The Recall Desk
HighFDA (Devices)·Z-1801-2021·Announced 2021-06-16

Anterior cervical plate system screw mechanism may disassociate during or after surgery

Alphatec Spine's Atec Insignia Anterior Cervical Plate System has a potential defect where the screw blocking mechanism may disassociate during or after surgery, which could compromise spinal stabilization.

What this means for you

Real risk of harm even if no illness or injury has been reported yet. Stop using the product and follow the agency's guidance.

Our severity reasoning: Per the severity rubric, this qualifies as High (Score 3): it is a risk-of-harm product (spinal implant with potential mechanical failure) where no illnesses or injuries have been reported, and the hazard remains theoretical.

Plain-English summary

The Atec Insignia Anterior Cervical Plate System, manufactured by Alphatec Spine, Inc., is being recalled by the U.S. Food and Drug Administration due to a potential defect in the screw blocking mechanism.

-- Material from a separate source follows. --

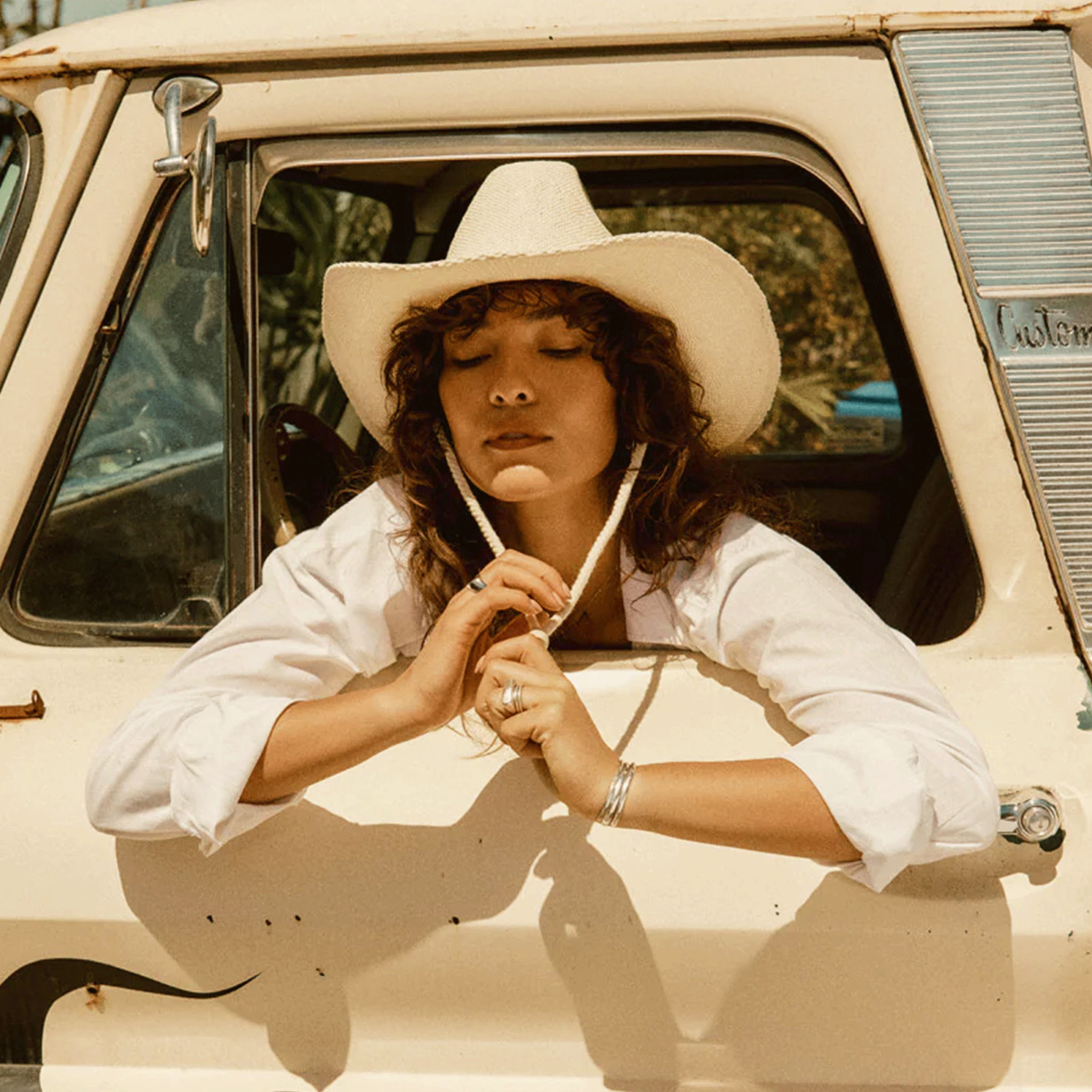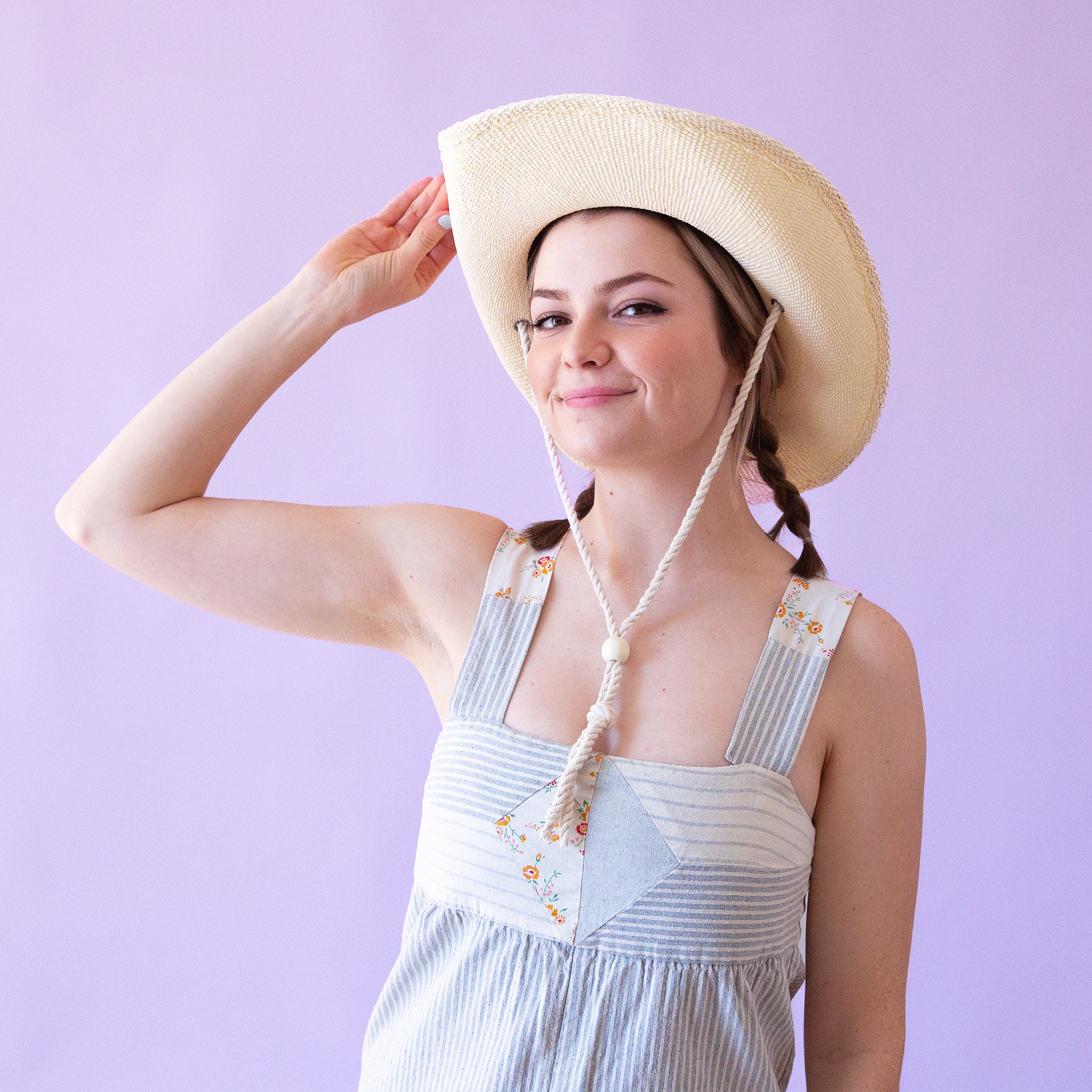 The Austin Straw Cowboy hat is an ultra-breathable, lightweight hat with Western style. It’s crafted sun-protective artisanal straw in a medium structured weave that retains its shape. The brim features a classic side roll topped with a cotton drawcord so you can wear it on your neck or secure your fit.

The screw blocking mechanism on this anterior cervical plate system has the potential to disassociate intraoperatively (during surgery) or postoperatively (after surgery), or to unlock postoperatively. This defect could compromise the stability of the cervical spine implant.

The affected product is the Atec Insignia Anterior Cervical Plate System, 1-Level, 18 mm (REF 136-0118, UDI 01-00190376268446), code numbers 8609303R and 8800403, distributed nationwide to healthcare facilities in 15 states: Florida, California, Illinois, Oklahoma, Texas, Connecticut, Indiana, North Carolina, Washington, Hawaii, Idaho, Massachusetts, South Carolina, New Mexico, and New York. Seven units were distributed.

Patients who have received this implant should contact their healthcare provider to discuss their individual risk. Healthcare providers should assess whether affected devices have been used in patients and monitor those patients for any signs of implant failure.

The recalled product

Product
Atec Insignia Anterior Cervical Plate System, REF 136-0118, Insignia, ACP, 1-Level, 18 mm, Rx Only, Non-Sterile, UDI: (01)00190376268446
Manufacturer
Alphatec Spine, Inc.
Hazard
  • implant-failure
  • screw-disassociation
  • spinal-instability

Is your product affected?

Check your packaging against the codes below. If any of them match, the product is part of this recall.

Lot numbers (1)

  • 8609303R and 8800403

Distribution

Distributed nationwide across the United States.